Thalidomide was being widely used overseas as a sedative and antinauseant, and was particularly popular among pregnant women. Its approval in the United States had been slowed by a diligent FDA medical officer named Dr. Frances Kelsey, who wasn't convinced that the manufacturer had adequately demonstrated its safety. The struggle was portrayed by many in the drug industry as another instance of a boneheaded, inept federal regulator unnecessarily delaying the availability of an important new product to the American public. Then reports began to appear in Europe of babies born with grotesque abnormalities of their arms and legs. Instead of normally formed limbs, the affected infants grew little malformed appendages that resembled flippers. Because this was such a rare aberration, it didn't take long to determine that the mothers had something in common: they had all taken thalidomide during the first trimester of their pregnancies, the period during which the basic architecture of the limbs is laid down in the developing fetus. Dr. Kelsey was transformed from an anonymous bumbling bureaucrat to a legendary public servant who saved untold numbers of American families from needless misery.

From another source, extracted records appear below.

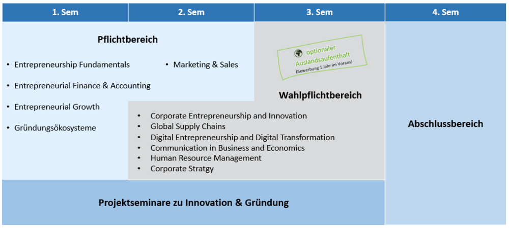 Im Pflichtbereich erhaltet ihr zu Beginn eine fundierte Einführung in das unternehmerische Denken und Handeln. Die Module vermitteln Wissen zu Themen wie Gründung, Wachstum, Finanzierung, Marketing und dem Gründungsökosystem.
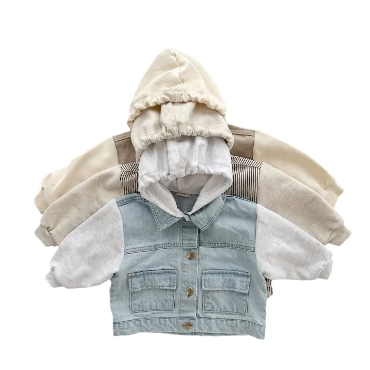 Custom Spring Autumn Toddler Boys Girls Cotton Denim Striped Hooded Top Coat Outfit Sweatshirt Baby Jacket Clothes for Kids
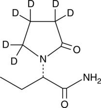 Levetiracetam-d6 is intended for use as an internal standard for the quantification of levetiracetam (Item No. 9001820) by GC- or LC-MS. Levetiracetam is an antiepileptic agent that binds to the synaptic vesicle protein SV2A (IC50 = 1.99 ?M).{23279} In vivo, levetiracetam suppresses seizures in fully kindled rats.{23283}
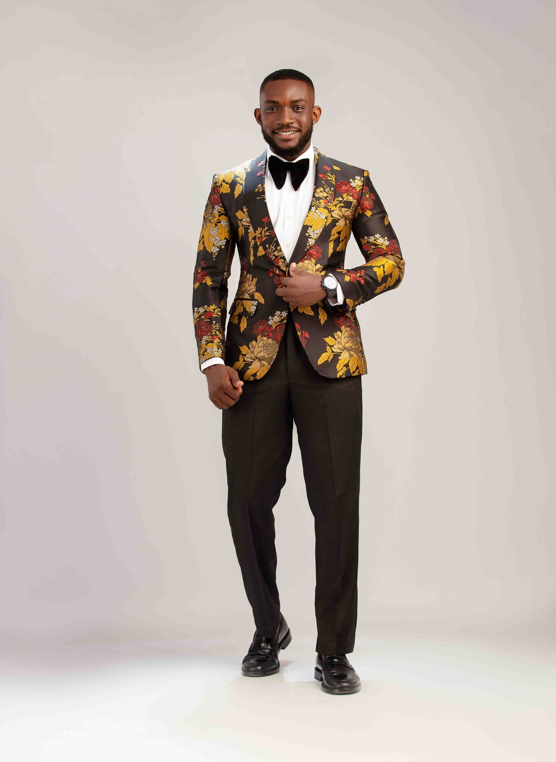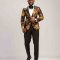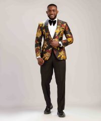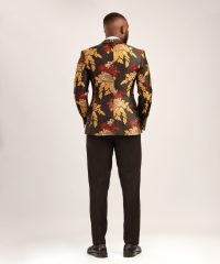 black base color adorned with a vibrant floral pattern in shades of yellow gold, red color with single-button closure and peaked lapels.

It suddenly seemed plausible that a government agency could protect the public health by evaluating drugs, and the Kefauver Act was passed by Congress in 1962 without a dissenting vote. This was a watershed in the nation's approach to medications, and an important development for the science of pharmacology as well. The new law completely changed the way doctors and patients thought about drugs. For the first time, the federal government, through the Food and Drug Administration, could require that a prescription medication had to be proven effective before it could be sold as a drug in the United States.

But what, exactly, does "effective" mean?

In 1962, armed with its new powers, the FDA faced a marketplace full of existing medicines that had never been shown to work, or were bizarre combinations of products whose use in tandem had little pharmacologic rationale. So great was the entrenchment of useless products in American medicine that it would take over twenty years to fully implement this new evidentiary requirement for drugs already in use. Like the oversized jet-fin appendages on the backs of late 1950s cars, many of those products had been seen as important modern developments in their day.